4. Le soutien extérieur
Le peuple a choisi la lutte, donc. Sur cette voie, il trouve à l’extérieur le soutien de nombreux amis. Depuis quelques années, un peu partout en Europe, se sont créés des réseaux de soutien et de solidarité. Citons, pour Liège, le Comité de soutien aux démocrates algériens qui, en collaboration avec le Centre d’Action Laïque, a organisé pour la journaliste algérienne Ghania Oukazi des prises de parole dans les universités et les écoles (novembre 1997).
Un peu partout aussi, des mobilisations ont lieu : rassemblement à Paris en hommage aux victimes algériennes (7-8 février 1997), manifestation de solidarité de quelques 2000 personnes à Paris (18 septembre 1997), nouvelle manifestation à Paris (26 septembre 1997), manifestation devant l’ambassade d’Algérie à Bruxelles (22 octobre 1997), rassemblement de quelque 25000 personnes à Paris (10 novembre 1997), meeting de plus de 2000 personnes dans la salle de la Mutualité à Paris (21 janvier 1998), manifestations de solidarité le même jour et à la même heure à Barcelone, Bruxelles, Liège, Paris et Rome (22 janvier 1998), manifestation de protestation devant l’ambassade d’Algérie à Madrid (7 février 1998), nouveau meeting à la salle de la Mutualité à Paris (21 février 1998), rassemblement tous les samedis de 16 à 17 heures de 200 à 500 personnes à Mans et, au 11 mars 1998, cela dure depuis 21 semaines, etc.

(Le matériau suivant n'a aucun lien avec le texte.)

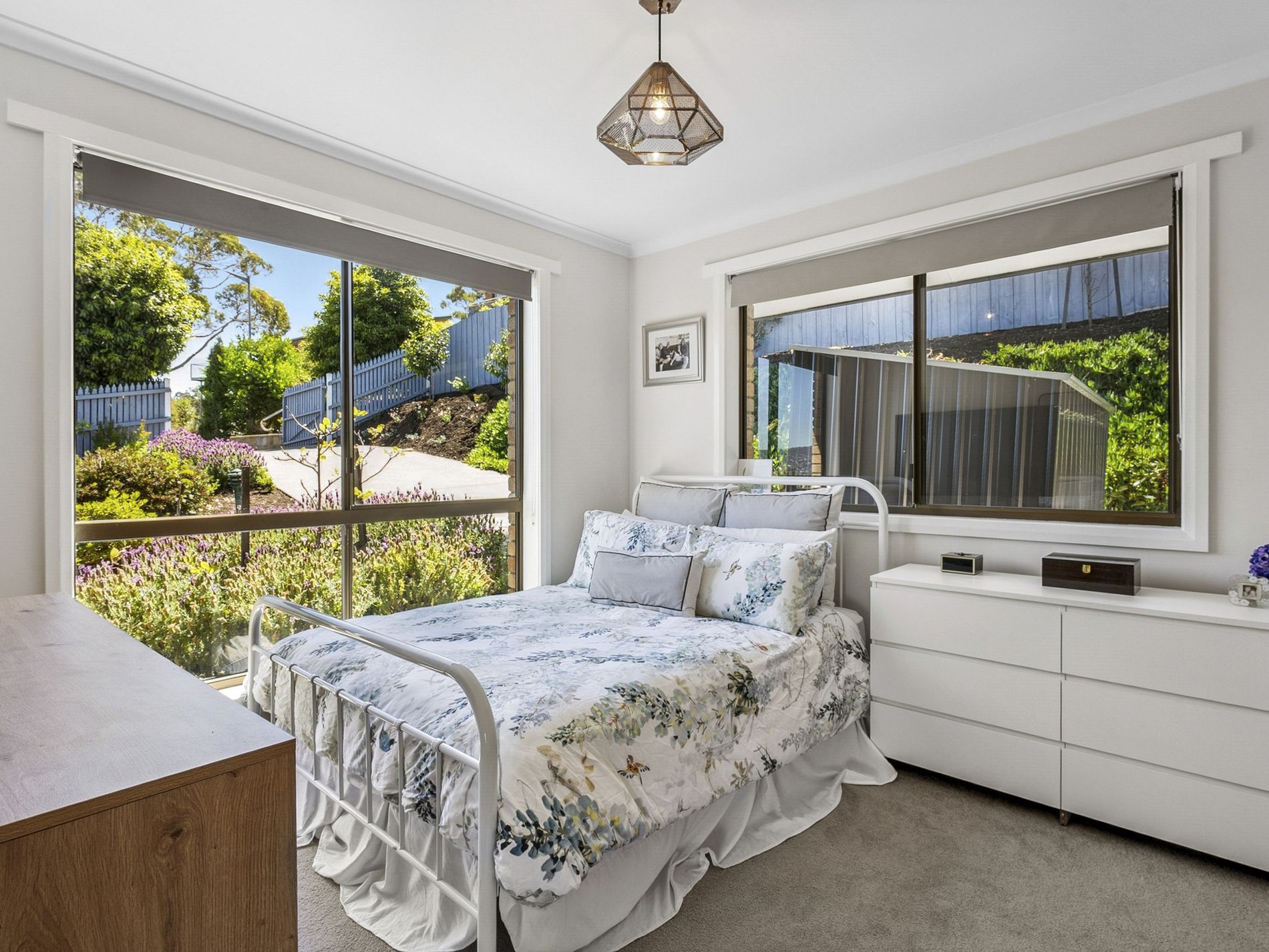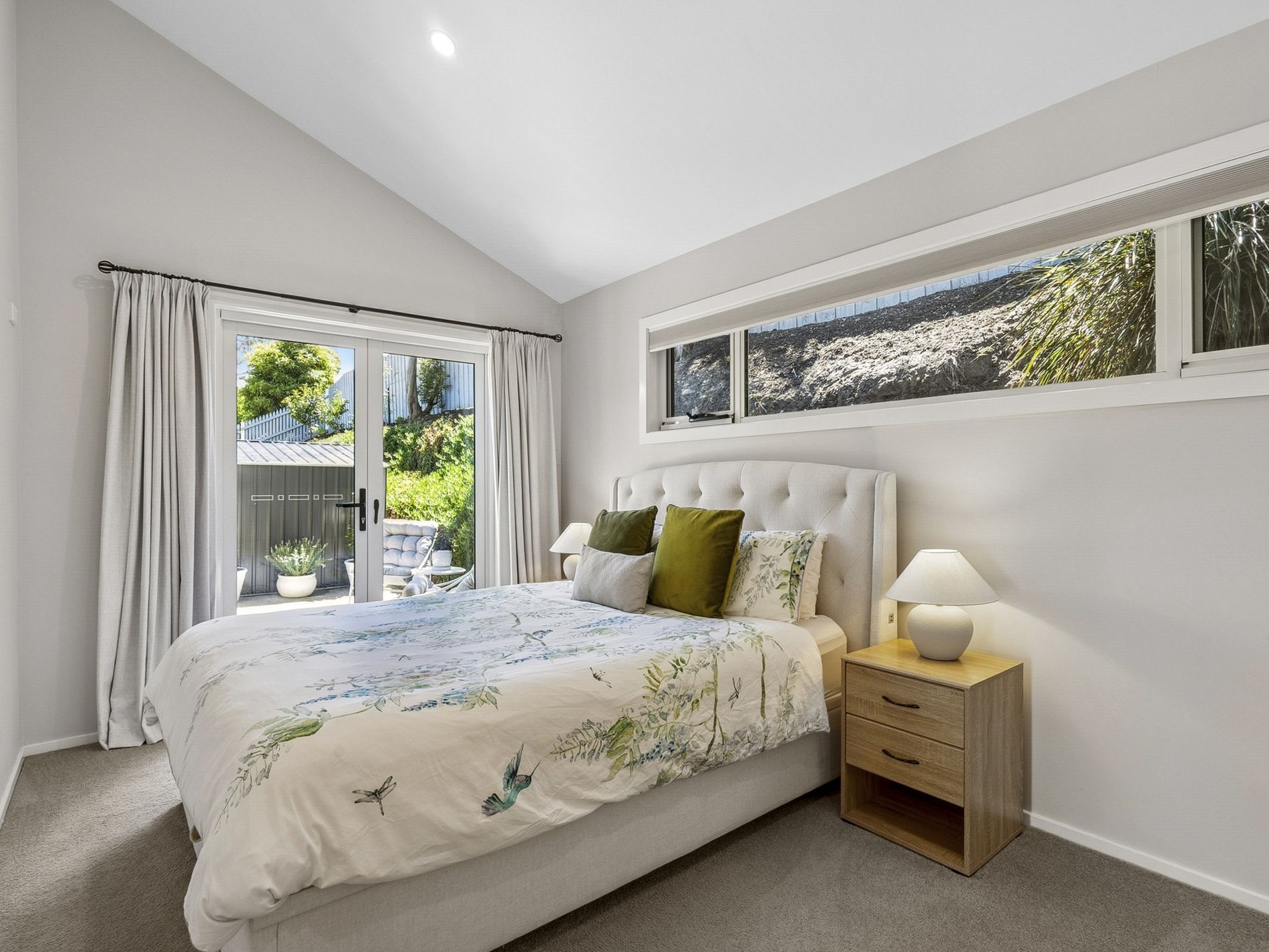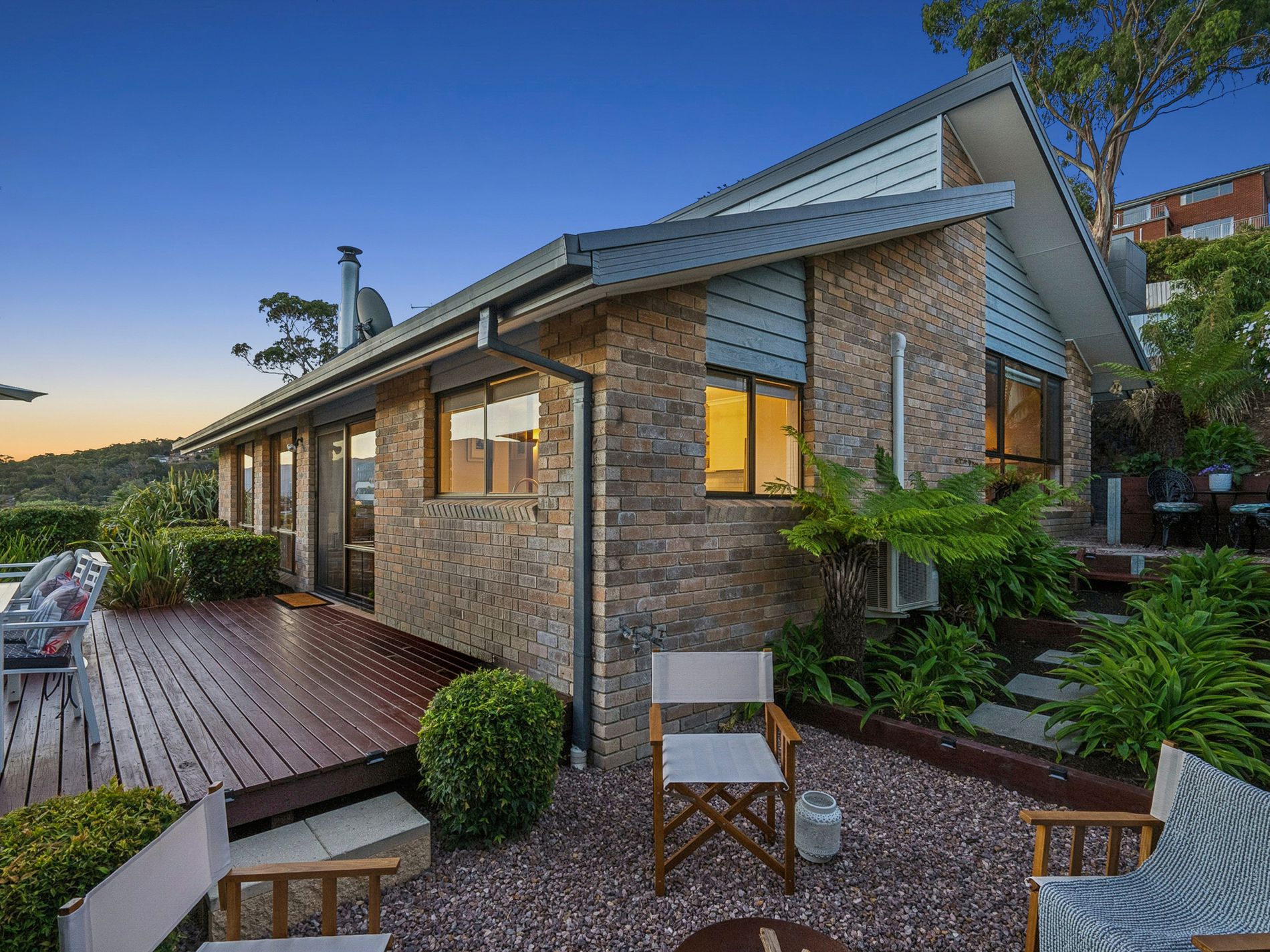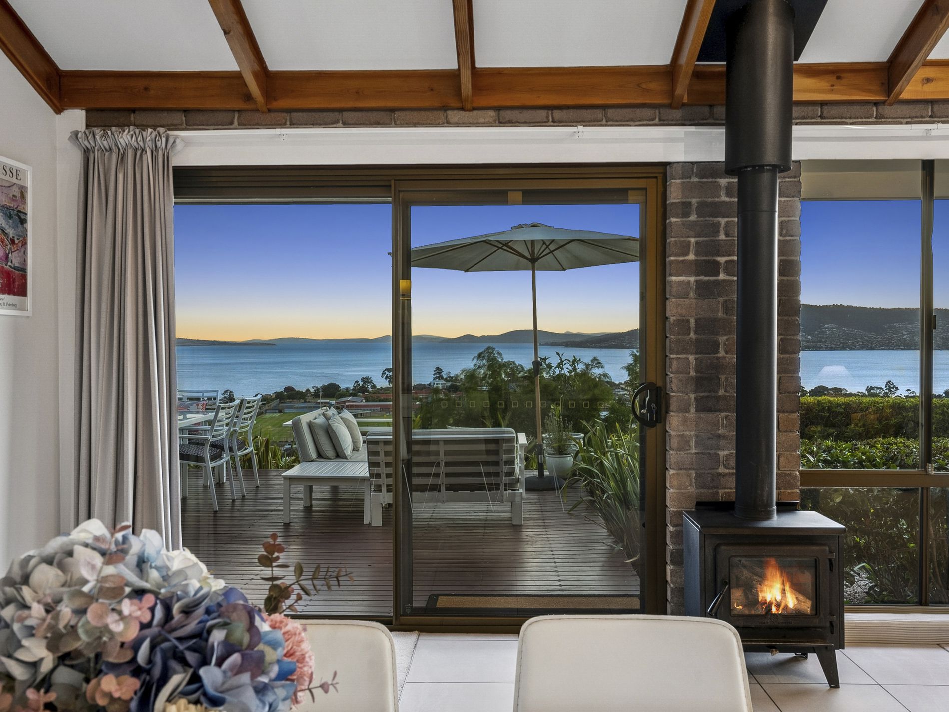 Sliding doors extend seamlessly from the main living area onto a spacious, elevated deck, creating a true indoor-outdoor lifestyle. Private and beautifully positioned, this space captures breathtaking panoramic views and provides the perfect setting for morning coffee, relaxed afternoons, or entertaining against a stunning backdrop. A dedicated fire pit area enhances the experience, while established, low-maintenance gardens frame the space and add to the home’s sense of tranquillity.

Dans les pays arabes, quelques initiatives (sur lesquelles nous n’avons malheureusement que peu d’informations) ont pu se concrétiser au Liban, en Egypte et en Tunisie. Au Maroc, des organisations politiques et syndicales, des associations de femmes et de droits de l’Homme et des personnalités indépendantes ont mis sur pied un Comité de soutien au peuple algérien et ont organisé, début mars 1998, un grand meeting de solidarité.
Conclusion
L’oppression et le coût de la vie ont détaché le peuple algérien du régime en place pour le jeter dans les bras du Front Islamique de Salut (FIS). La même oppression et le coût de la survie sont en train de le rendre à lui-même, à son autonomie de pensée et d’initiative. Là est tout l’espoir algérien. Aujourd’hui, à travers une terrible épreuve et au prix de son propre sang, le peuple algérien est en train d’acquérir une expérience et une maturité que personne ne pourra lui enlever demain. Cette même expérience ne peut manquer d’avoir des effets salutaires (d’incitation à la vigilance) sur d’autres peuples, voisins et non voisins, confrontés à des carcans répressifs similaires.